Rogers v. Commissioner

1 T.C. 629, 1943 U.S. Tax Ct. LEXIS 230
CourtUnited States Tax Court
DecidedFebruary 23, 1943
DocketDocket No. 107817
StatusPublished
Cited by22 cases

This text of 1 T.C. 629 (Rogers v. Commissioner) is published on Counsel Stack Legal Research, covering United States Tax Court primary law. Counsel Stack provides free access to over 12 million legal documents including statutes, case law, regulations, and constitutions.

Bluebook
Rogers v. Commissioner, 1 T.C. 629, 1943 U.S. Tax Ct. LEXIS 230 (tax 1943).

Opinion

opinion.

Akundell, Judge:

The Commissioner’s determination that a sale was not reportable on the installment basis gave rise to the presently contested deficiency of $790,125.75 in income tax for 1937. If it is held that this determination was erroneous, the Commissioner by amended answer presents the alternative view that certain of the installment obligations were disposed of by petitioners during the tax year, the gain therefrom resulting in a deficiency though in a lesser amount than originally determined. Petitioners take the position that if gain did result from disposition of the obligations (1) a corresponding deduction is allowable under section 162 (c) of the Revenue Act of 1936, or (2) the percentage of gain to be taken into account in computing net income is 60 percent instead of 80 percent. The facts are found as stipulated. The return for the period involved was filed with the collector for the second district of New York.

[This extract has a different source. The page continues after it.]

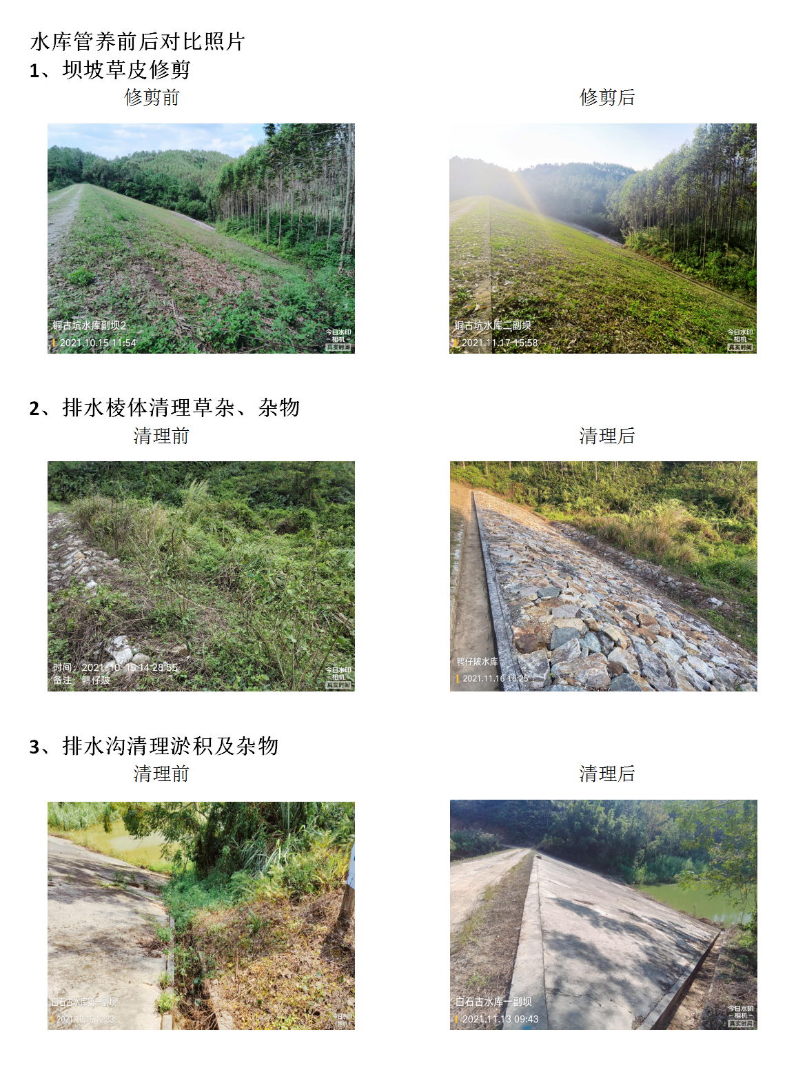 我公司作為項(xiàng)目承接服務(wù)單位,自收到中標(biāo)通知書后立即組織專業(yè)的巡查隊(duì)伍對(duì)本項(xiàng)目所涉10個(gè)鎮(zhèn)(街)72宗水庫進(jìn)行全面的巡查摸底工作,形成了一整套基礎(chǔ)成果資料。截止目前,已完成第一輪的維修養(yǎng)護(hù)任務(wù),各水庫的壩容壩貌已有明顯改善。下一步,維修養(yǎng)護(hù)工作重點(diǎn)將投入到維修養(yǎng)護(hù)水庫細(xì)節(jié)之處,通過“大而全”、“精而細(xì)”專業(yè)化、細(xì)致化的管護(hù)工作,全面提升水庫壩容壩貌,使小型水庫管養(yǎng)呈現(xiàn)煥然一新局面。

Adrian H. Larkin, Albert Stickney, and the Central Hanover Bank & Trust Co. were appointed executors of and trustees under the last will and testament of Henry H. Rogers, who died on July 25,1935, a resident of Southampton, New York. They qualified as executors on October 28, 1935, and as trustees on November 14, 1935. This proceeding is maintained by the surviving executors in behalf of decedent’s estate.

Among the assets constituting the estate were 24,248 shares of common stock of the Virginian Railway Co., hereinafter referred to as the railway company, which had a fair market value at the date of death of $60 per share, or an aggregate of $1,454,880. On July 15,1936, the executors and various other holders of common stock of the railway company, hereinafter known as parties of the first part, entered into an agreement with the Koppers Co. The agreement was modified and extended on November 30,1936, and it is this modified agreement with which we are here concerned. The Koppers Co., party of the second part, changed its name and assigned its fights under the contract, but nothing turns upon these facts and for convenience the word Koppers will be used to designate the party of the second part dr its assignees.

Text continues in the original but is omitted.